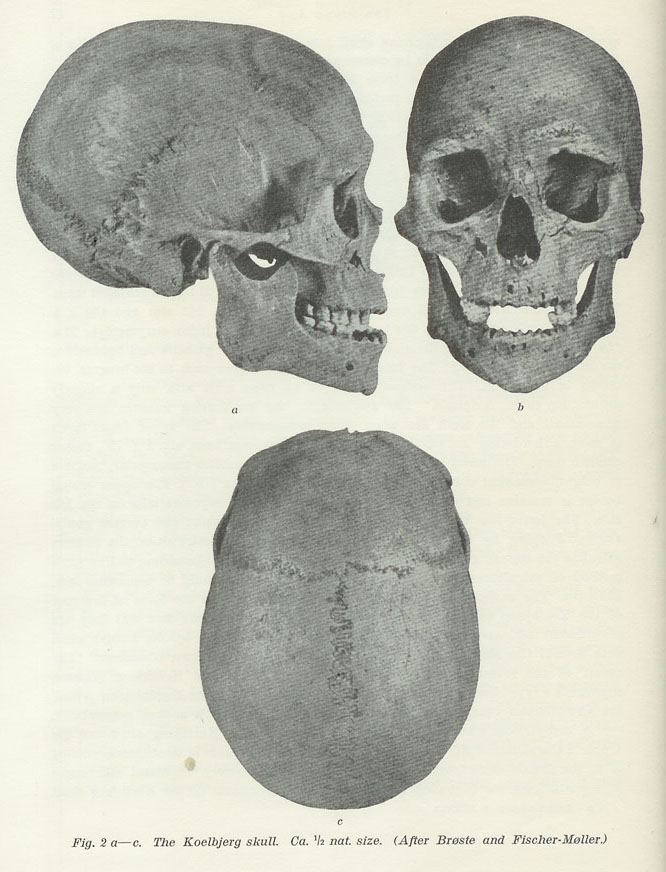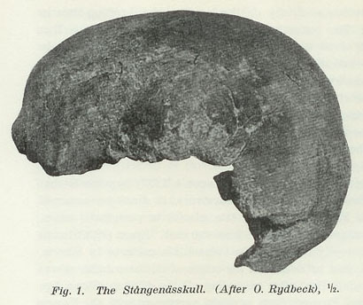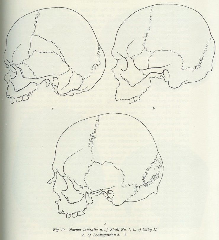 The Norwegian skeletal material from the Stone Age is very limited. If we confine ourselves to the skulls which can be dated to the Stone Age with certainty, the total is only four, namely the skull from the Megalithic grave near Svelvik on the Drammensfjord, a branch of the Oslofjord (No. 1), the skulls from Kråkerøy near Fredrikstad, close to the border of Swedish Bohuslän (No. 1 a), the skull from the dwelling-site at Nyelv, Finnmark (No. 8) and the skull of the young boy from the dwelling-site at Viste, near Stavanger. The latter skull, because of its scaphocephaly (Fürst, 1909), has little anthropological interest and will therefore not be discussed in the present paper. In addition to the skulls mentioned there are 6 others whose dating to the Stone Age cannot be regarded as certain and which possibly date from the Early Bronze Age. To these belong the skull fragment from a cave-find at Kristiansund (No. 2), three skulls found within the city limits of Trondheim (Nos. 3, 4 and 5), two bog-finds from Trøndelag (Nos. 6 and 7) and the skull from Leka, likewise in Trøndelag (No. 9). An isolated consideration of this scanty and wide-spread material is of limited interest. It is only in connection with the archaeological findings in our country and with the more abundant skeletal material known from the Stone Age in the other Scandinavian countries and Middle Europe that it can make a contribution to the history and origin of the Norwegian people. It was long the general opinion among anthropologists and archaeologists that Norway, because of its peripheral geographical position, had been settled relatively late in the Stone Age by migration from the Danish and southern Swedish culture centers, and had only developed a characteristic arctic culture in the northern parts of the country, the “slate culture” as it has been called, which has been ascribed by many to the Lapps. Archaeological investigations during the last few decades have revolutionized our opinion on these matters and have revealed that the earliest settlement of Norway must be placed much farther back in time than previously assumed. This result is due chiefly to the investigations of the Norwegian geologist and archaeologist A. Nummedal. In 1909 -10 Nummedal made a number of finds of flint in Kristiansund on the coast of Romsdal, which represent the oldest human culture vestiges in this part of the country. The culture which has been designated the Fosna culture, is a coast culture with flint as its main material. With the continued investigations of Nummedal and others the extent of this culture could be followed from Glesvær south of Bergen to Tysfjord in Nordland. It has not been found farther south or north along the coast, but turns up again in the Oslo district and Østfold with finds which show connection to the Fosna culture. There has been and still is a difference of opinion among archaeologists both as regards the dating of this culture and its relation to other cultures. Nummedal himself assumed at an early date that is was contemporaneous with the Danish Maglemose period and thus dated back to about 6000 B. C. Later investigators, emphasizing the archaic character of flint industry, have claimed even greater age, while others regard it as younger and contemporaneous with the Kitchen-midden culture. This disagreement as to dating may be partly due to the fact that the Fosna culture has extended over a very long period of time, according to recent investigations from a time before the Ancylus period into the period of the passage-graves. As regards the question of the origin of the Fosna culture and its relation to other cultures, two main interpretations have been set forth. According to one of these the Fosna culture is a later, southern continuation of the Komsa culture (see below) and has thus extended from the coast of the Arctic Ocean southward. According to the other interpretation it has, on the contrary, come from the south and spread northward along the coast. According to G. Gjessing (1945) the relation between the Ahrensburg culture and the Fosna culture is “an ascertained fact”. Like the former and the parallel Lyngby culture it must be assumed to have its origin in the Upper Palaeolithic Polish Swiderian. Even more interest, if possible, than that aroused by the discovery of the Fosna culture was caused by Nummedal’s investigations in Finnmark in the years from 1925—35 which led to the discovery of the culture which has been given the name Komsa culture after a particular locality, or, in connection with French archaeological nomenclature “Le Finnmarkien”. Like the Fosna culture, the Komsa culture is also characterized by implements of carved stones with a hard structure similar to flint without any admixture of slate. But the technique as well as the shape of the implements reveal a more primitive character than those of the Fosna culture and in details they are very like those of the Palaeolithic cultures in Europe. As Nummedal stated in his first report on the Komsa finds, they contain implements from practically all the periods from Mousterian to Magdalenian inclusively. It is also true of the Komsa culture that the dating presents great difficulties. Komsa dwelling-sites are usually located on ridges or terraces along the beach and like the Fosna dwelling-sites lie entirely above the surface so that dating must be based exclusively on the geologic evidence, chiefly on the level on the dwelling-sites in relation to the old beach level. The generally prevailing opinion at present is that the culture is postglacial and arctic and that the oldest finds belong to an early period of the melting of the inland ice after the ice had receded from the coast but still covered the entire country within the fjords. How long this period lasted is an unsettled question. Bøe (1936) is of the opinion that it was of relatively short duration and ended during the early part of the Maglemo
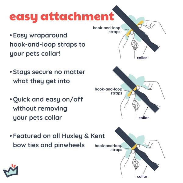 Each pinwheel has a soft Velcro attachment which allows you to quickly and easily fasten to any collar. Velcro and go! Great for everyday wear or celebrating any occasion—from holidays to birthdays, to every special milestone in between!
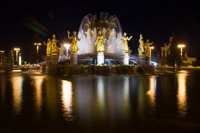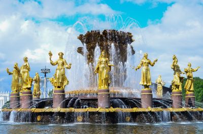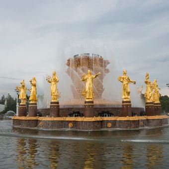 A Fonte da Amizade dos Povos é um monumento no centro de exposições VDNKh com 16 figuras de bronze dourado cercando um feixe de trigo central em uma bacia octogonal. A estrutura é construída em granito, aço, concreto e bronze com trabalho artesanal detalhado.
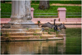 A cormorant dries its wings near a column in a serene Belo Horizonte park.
• • • •
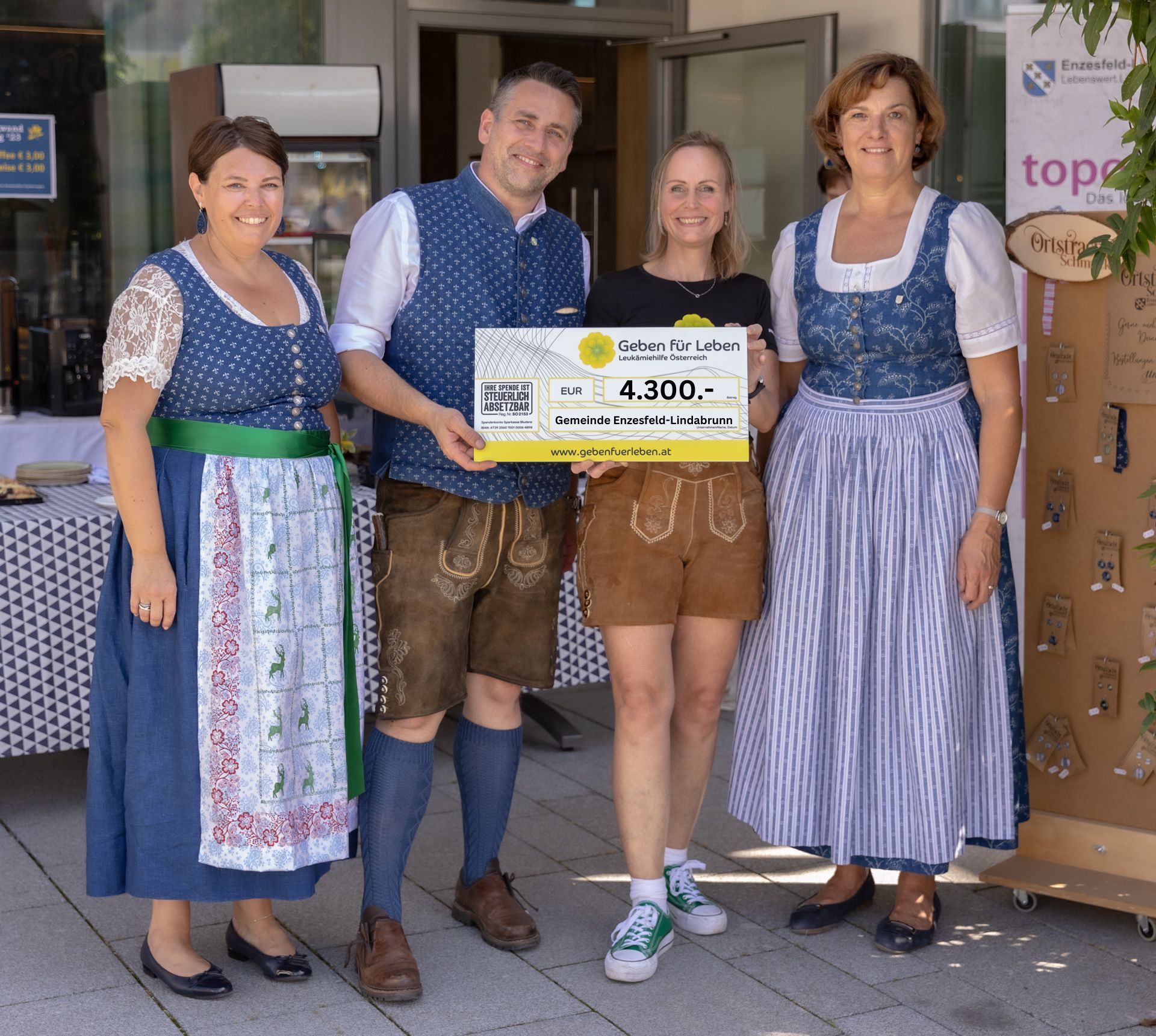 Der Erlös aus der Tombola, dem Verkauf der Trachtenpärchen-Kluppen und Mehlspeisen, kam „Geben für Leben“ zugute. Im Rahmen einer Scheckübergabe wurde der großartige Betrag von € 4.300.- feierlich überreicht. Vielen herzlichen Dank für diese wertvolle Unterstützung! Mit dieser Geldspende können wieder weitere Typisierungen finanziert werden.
• • • •
Above are the records; copy exactly the lines from the one with "Each pinwheel has" through the one with "A cormorant dries", including both, and nothing more. Leave out pictures.

Exercise result:
 Each pinwheel has a soft Velcro attachment which allows you to quickly and easily fasten to any collar. Velcro and go! Great for everyday wear or celebrating any occasion—from holidays to birthdays, to every special milestone in between!
 A Fonte da Amizade dos Povos é um monumento no centro de exposições VDNKh com 16 figuras de bronze dourado cercando um feixe de trigo central em uma bacia octogonal. A estrutura é construída em granito, aço, concreto e bronze com trabalho artesanal detalhado.
 A cormorant dries its wings near a column in a serene Belo Horizonte park.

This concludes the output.